(Stored dataset items)
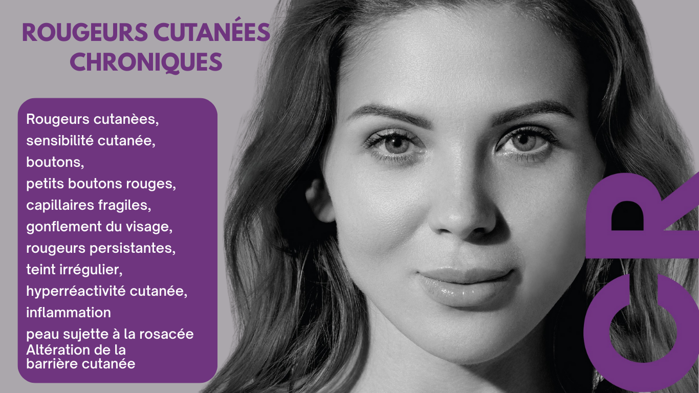 La rougeur chronique est associée à une inflammation. Elle se manifeste par une dilatation des vaisseaux sanguins (vasodilatation), une augmentation du flux sanguin, une perméabilité capillaire accrue et une migration des neutrophiles vers le tissu affecté à travers la paroi capillaire, ainsi que par des signes cliniques tels qu’une rougeur cutanée persistante. Elle peut avoir de multiples causes et toucher tous les types de peau.
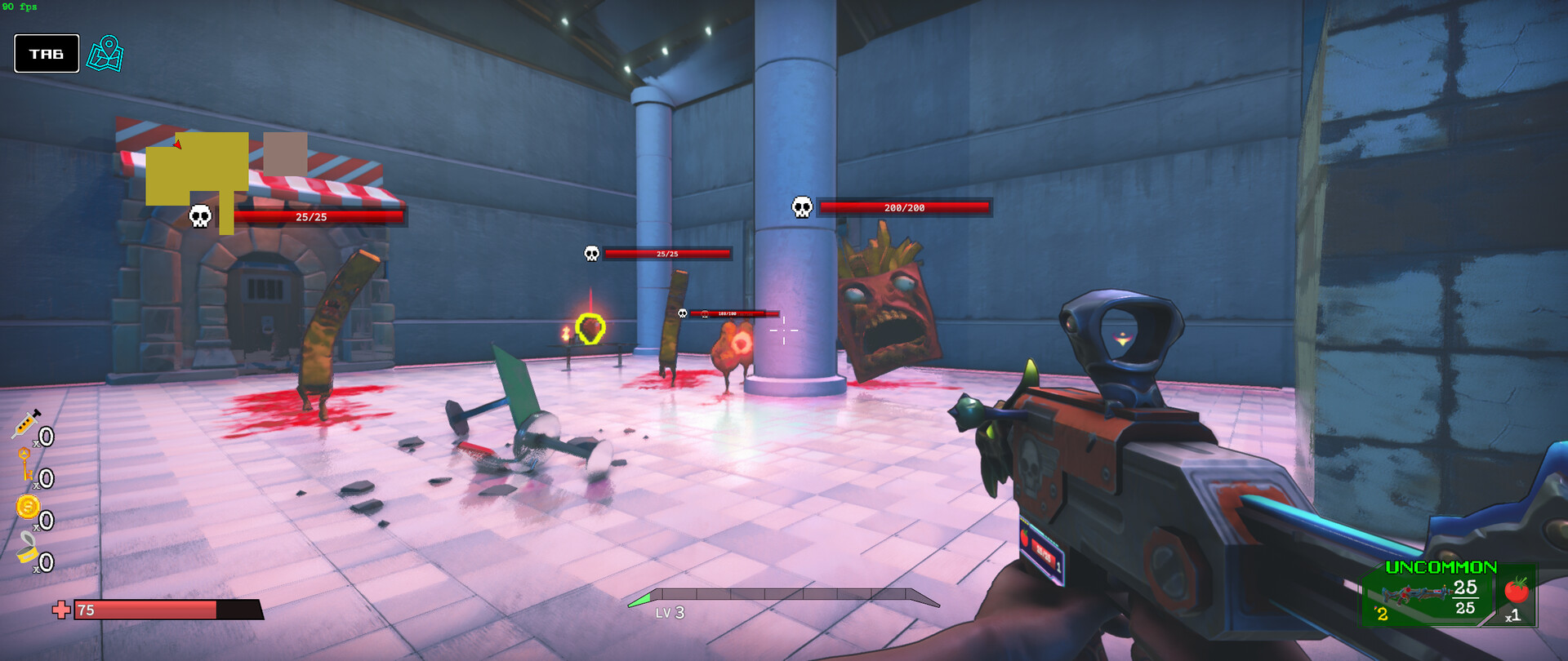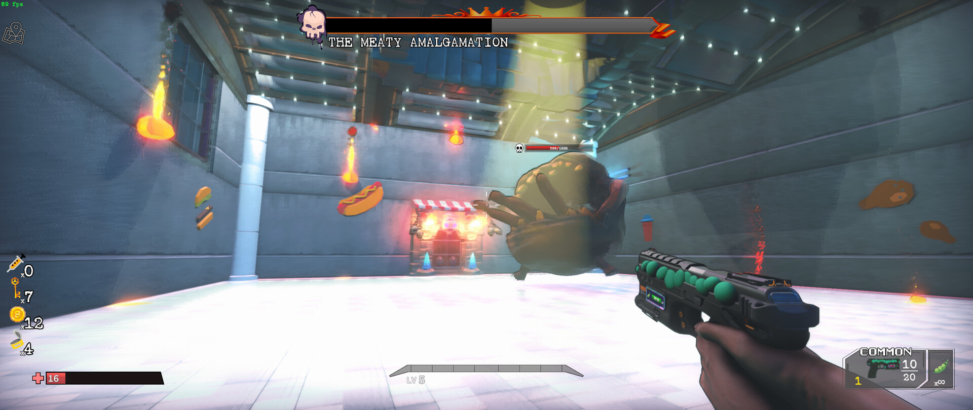Craft and wield bizarre weapon combinations. Load your guns with distinct food-based ammo types, each creating wild combat and environmental effects.
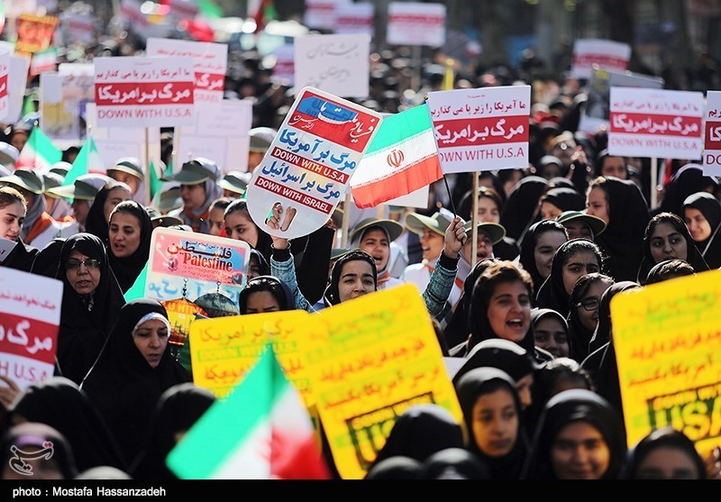 با شکر و سپاس خداوند قادر متعال بهپاس توفیق الهی چهل سال مقاومت، ایستادگی و صلابت سرافرازانه در برابر چهل سال پیشه و ترفند نظام سلطه با محوریت طاغوت اعظم آمریکای سلطهجو و به شکستکشاندن و انزوای چهلساله شیطان بزرگ، اینک در آستانه چهلمین سالگرد پیروزی شکوهمند انقلاب اسلامی و غلبه حق بر باطل و با سلام و درود به روح ملکوتی احیاگر اسلام ناب محمدی "صلّی الله علیه و آله" و بنیانگذار نظام مقدس اسلامی، حضرت امام خمینی "رضوان الله علیه" دمنده روح جهاد و استکبارستیزی در کالبد ملت سلحشور ایران اسلامی و با تأکید بر تعطیلناپذیر و نشأتگرفته از تعالیم دینی و آموزه قرآنی بودن استکبارستیزی، ما شرکتکنندگان در تظاهرات ضداستکباری یومالله سیزدهم آبان ماه با ندای ملکوتی "الله اکبر ــ خامنهای رهبر" و شعار همیشهزنده "مرگ بر آمریکا" اعلام میداریم:
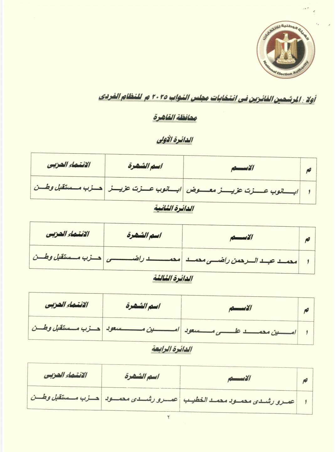 نتيجة انتخابات مجلس النواب في محافظة القاهرة (صور)
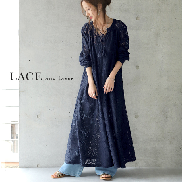 Aラインワンピース Aラインワンピ Aライン 花柄 花柄レース マキシ丈ワンピース マキシ丈 フレアワンピース フレアワンピ フレア ビッグシルエット ビッグ ビック ビックシルエット フリンジ タッセル Vネック 丸首 U字ネック オーバーサイズ オーバー ゆる ゆったり 20代 30代 40代 50代 おしゃれ 母の日 お洒落 オシャレ かわいい 可愛い カワイイ 上品 透け シースルー 春夏 春 夏 秋 冬 秋冬 紺 紺色 黒 黒色 フリーサイズ M L XL XXL 2L 3L HUG.U HUGU ハグユー はぐゆー
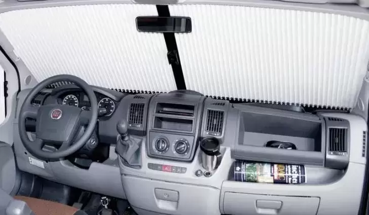 Comfortable, easy, fast and aesthetic, the Remis front blind integrates perfectly into your vehicle, providing comfort and privacy for Fiat Ducato cabins from 2014 X290 beige tone
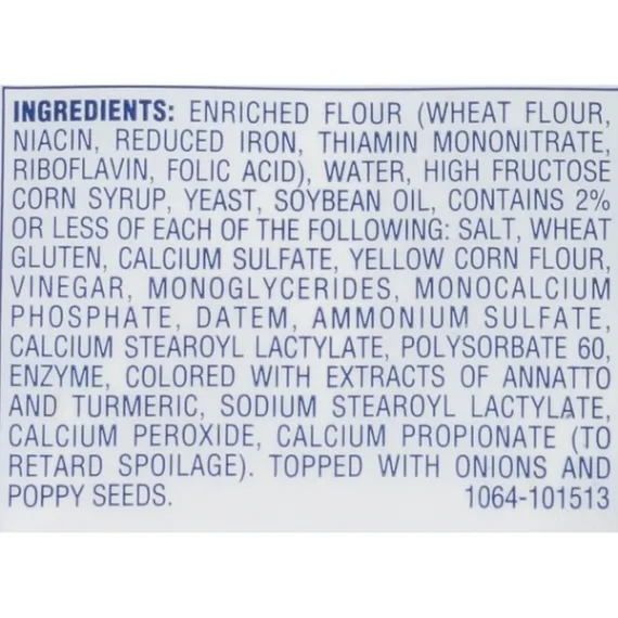Details Ingredients Enriched Flour (Wheat Flour, Niacin, Reduced Iron, Thiamin Mononitrate, Riboflavin, Folic Acid), Water, High Fructose Corn Syrup, Yeast, Soybean Oil, Contains 2% or Less of Each of the Following: Salt, Wheat Gluten, Calcium Sulfate, Yellow Corn Flour, Vinegar, Monoglycerides, Monocalcium Phosphate, DATEM, Ammonium Sulfate, Calcium Stearoyl Lactylate, Polysorbate 60, Enzyme Colored with Extracts of Annatto and Turmeric, Sodium Stearoyl Lactylate, Calcium Peroxide, Calcium Propionate (to Retard Spoilage). Topped with Onions and Poppy Seeds. Show more Product features CBC Quality Pledge Great sandwiches deserve great bread. Sure we know great bread – it's our middle name, after all – and we've been perfecting the art of making bread since we opened our very first bakery. We are a passionate group of food enthusiasts who adore sandwiches and only make the kind of bread we'd proudly serve our friends and family. Our products, as always, are crafted with care, better when shared. That's just the CBC way. 8 Count Net Quantity of Content 8.0 X 1 Roll (53g/1.9 Oz.)
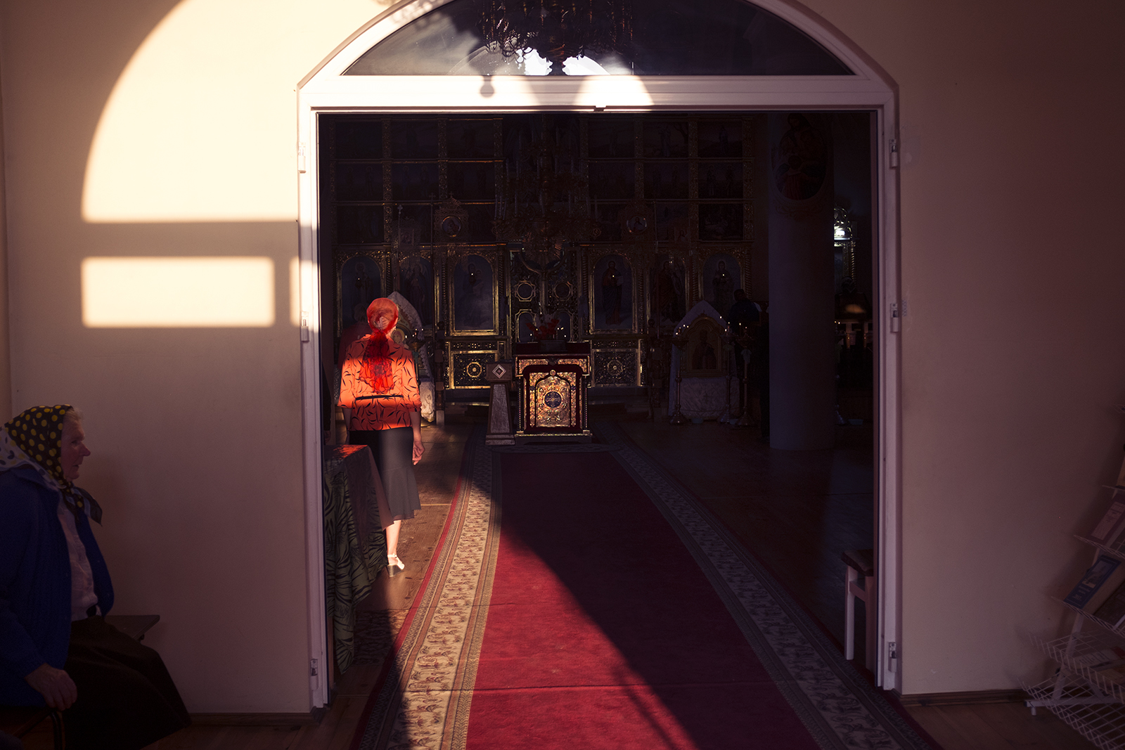 Мы пакідаем пратэстанцкае набажэнства, каб пасьпець параўнаць яго з праваслаўным. Але ў суседняй царкве моляцца толькі восем пажылых жанчын, сярод якіх Праскоўя. Яна пазнала нас і ўсьміхнулася.

**How to complete this task**
From the entries above, copy exactly the lines starting at the one with "با شکر و سپاس" and stopping at the one with "نتيجة انتخابات مجلس", keeping both ends. Drop the pictures.

**Answer section**
 با شکر و سپاس خداوند قادر متعال بهپاس توفیق الهی چهل سال مقاومت، ایستادگی و صلابت سرافرازانه در برابر چهل سال پیشه و ترفند نظام سلطه با محوریت طاغوت اعظم آمریکای سلطهجو و به شکستکشاندن و انزوای چهلساله شیطان بزرگ، اینک در آستانه چهلمین سالگرد پیروزی شکوهمند انقلاب اسلامی و غلبه حق بر باطل و با سلام و درود به روح ملکوتی احیاگر اسلام ناب محمدی "صلّی الله علیه و آله" و بنیانگذار نظام مقدس اسلامی، حضرت امام خمینی "رضوان الله علیه" دمنده روح جهاد و استکبارستیزی در کالبد ملت سلحشور ایران اسلامی و با تأکید بر تعطیلناپذیر و نشأتگرفته از تعالیم دینی و آموزه قرآنی بودن استکبارستیزی، ما شرکتکنندگان در تظاهرات ضداستکباری یومالله سیزدهم آبان ماه با ندای ملکوتی "الله اکبر ــ خامنهای رهبر" و شعار همیشهزنده "مرگ بر آمریکا" اعلام میداریم:
 نتيجة انتخابات مجلس النواب في محافظة القاهرة (صور)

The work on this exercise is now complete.